* Extracted records:

_ _ _ _

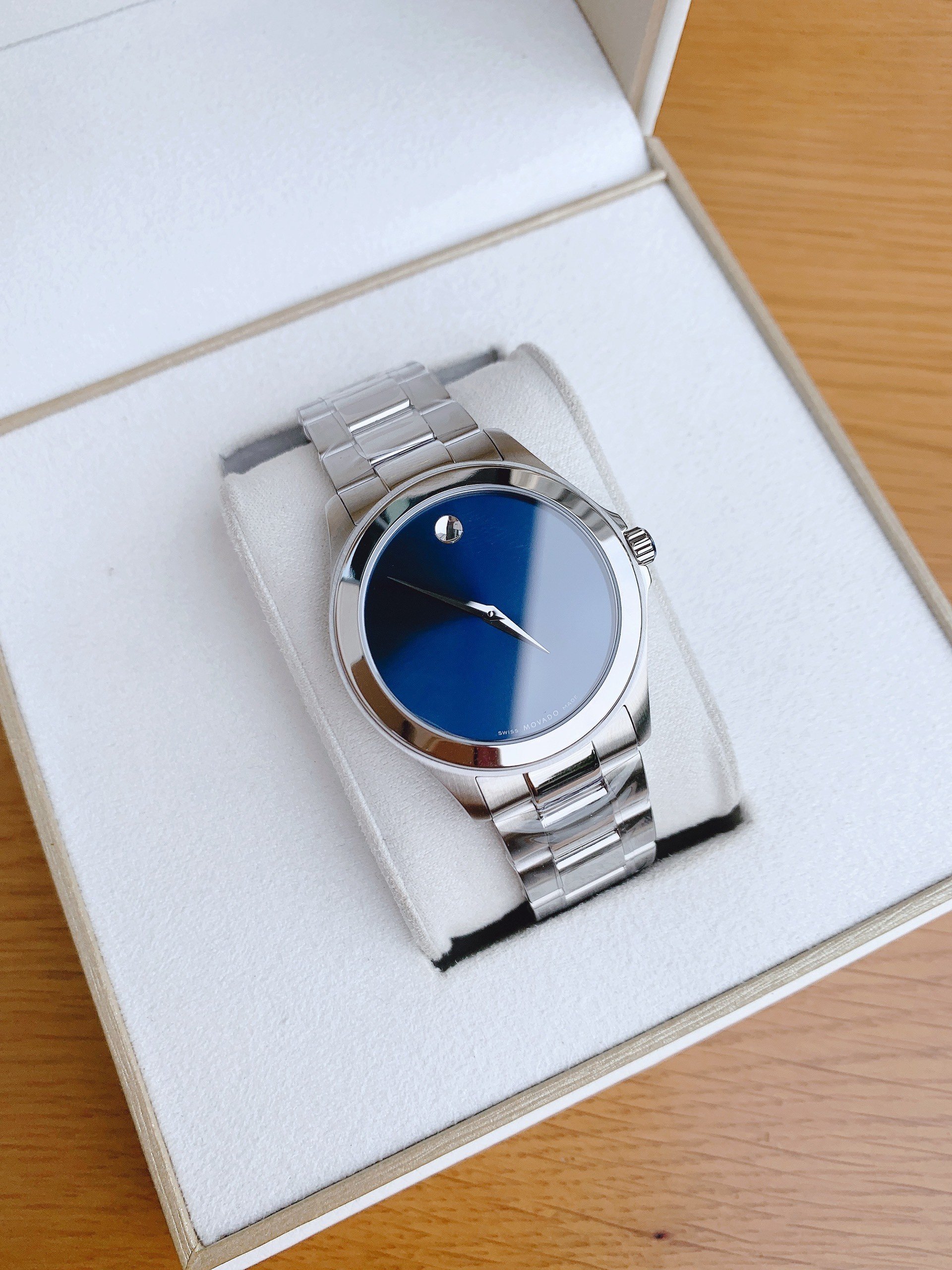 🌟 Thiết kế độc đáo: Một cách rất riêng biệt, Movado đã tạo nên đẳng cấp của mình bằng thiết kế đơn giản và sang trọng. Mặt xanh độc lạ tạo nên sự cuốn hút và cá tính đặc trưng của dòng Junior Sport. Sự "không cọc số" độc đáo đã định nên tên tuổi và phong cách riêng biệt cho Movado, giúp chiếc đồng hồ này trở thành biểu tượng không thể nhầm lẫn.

_ _ _ _

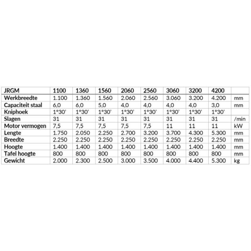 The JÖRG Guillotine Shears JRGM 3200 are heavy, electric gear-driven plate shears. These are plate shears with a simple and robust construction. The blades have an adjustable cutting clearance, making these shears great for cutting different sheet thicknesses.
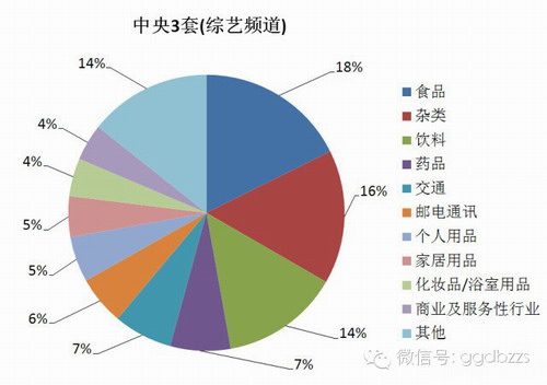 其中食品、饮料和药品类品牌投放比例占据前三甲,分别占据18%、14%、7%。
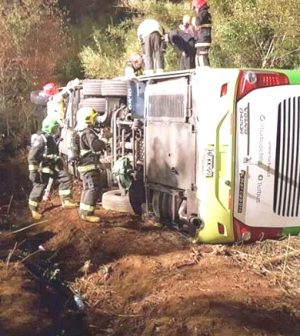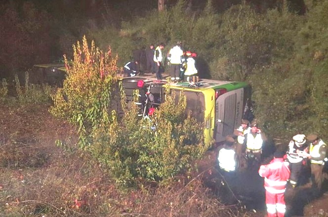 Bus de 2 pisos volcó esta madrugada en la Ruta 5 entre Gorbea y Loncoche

_ _ _ _

* What you need to do:
In the entries above, find the line with "其中食品、饮料和药品类品牌投放比例占据前三甲,分别占据18%、14%、7%。" and the line with "Bus de 2 pisos". Return exactly those lines and all the ones between them, pictures excluded.

* Exercise output:
 其中食品、饮料和药品类品牌投放比例占据前三甲,分别占据18%、14%、7%。
 Bus de 2 pisos volcó esta madrugada en la Ruta 5 entre Gorbea y Loncoche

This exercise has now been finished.